The night after my potion-brewing lesson was a very calm one. Ukalata and me spent the rest of the day kissing each other, going over the new curves on my body and giving each other headpats. It was after about four to five hours later that Ukalata seemingly remembered something as she facepalmed with her robot hand, which seemed to not hurt her in the slightest.
“I FORGOT TO GIVE YOU A FAMILIAR DANGIT.” she screamed out, shaking me in her arms as if to shake whatever she was looking for out of me.
“You forgot to give me what?” I looked at her as she continued to rattle me akin to somebody trying to shake snacks out of a vending machine.
“Okay so usually when we become patrons to a mortal, we goddesses are supposed to gift our patrons with a familiar, little animal buddies that are supposed to help you with small things in your day to day witchcrafting lives…. But you are the first patron I ever got, so I am not entirely sure on what to do other than I AM FUCKING IT UPPPPPPPPPP.” Ukalata stopped shaking me, my whole body feeling like stirred up jello as she seemed to look for a solution to this otherworldly obligation that she had to fulfill. Her eyes suddenly lit up as she heard Janice meow at us, demanding that we give her more nourishment that is not dry.
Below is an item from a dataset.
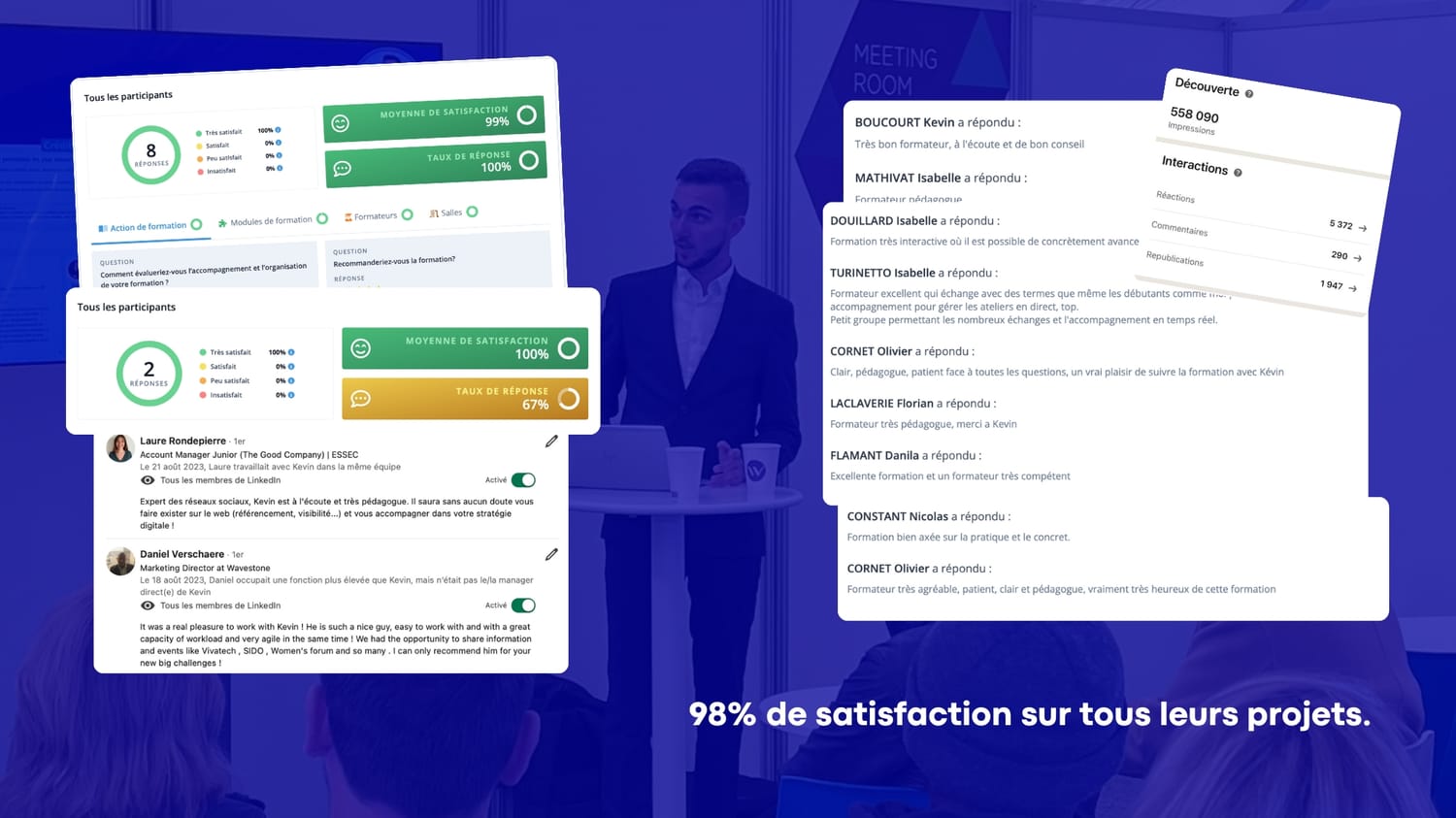 J'accompagne près de 50 entrepreneurs par an sur les réseaux sociaux parmi lesquels certains des plus grands créateurs de contenu avec un taux de satisfaction de 98,1% sur l'ensemble de mes services.
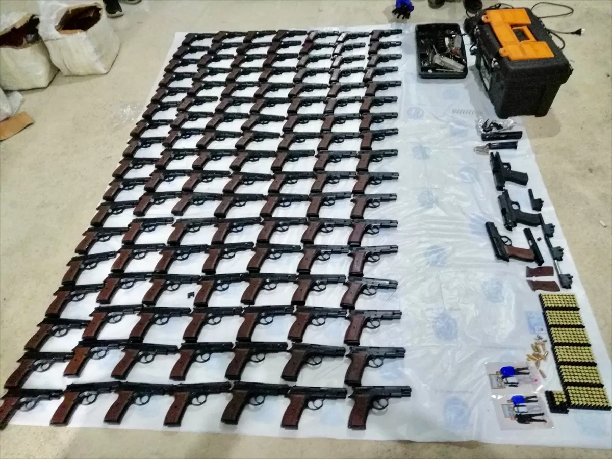 İZMİR (AA) – İzmir'de yasa dışı silah imal ve ticareti operasyonunda 4 kişi gözaltına alındı, 120 kurusıkı tabanca ile silah imalatında kullanılan çok sayıda malzeme ele geçirildi.

“We could build a familiar together! I get to show you the ropes on how the heckies technomancy works and we get to do something cute and gay together!” she said as her face was as bright as the gosh dang sun. If I hadn’t fallen in love with her back when we first met in the palace of the gods I would have done so now. Gosh this girl is melting my heart.
“Sure~” was all I was able to get out of my mouth, grinning like an idiot as she dragged me away to our PC table turned makeshift witchcraft station.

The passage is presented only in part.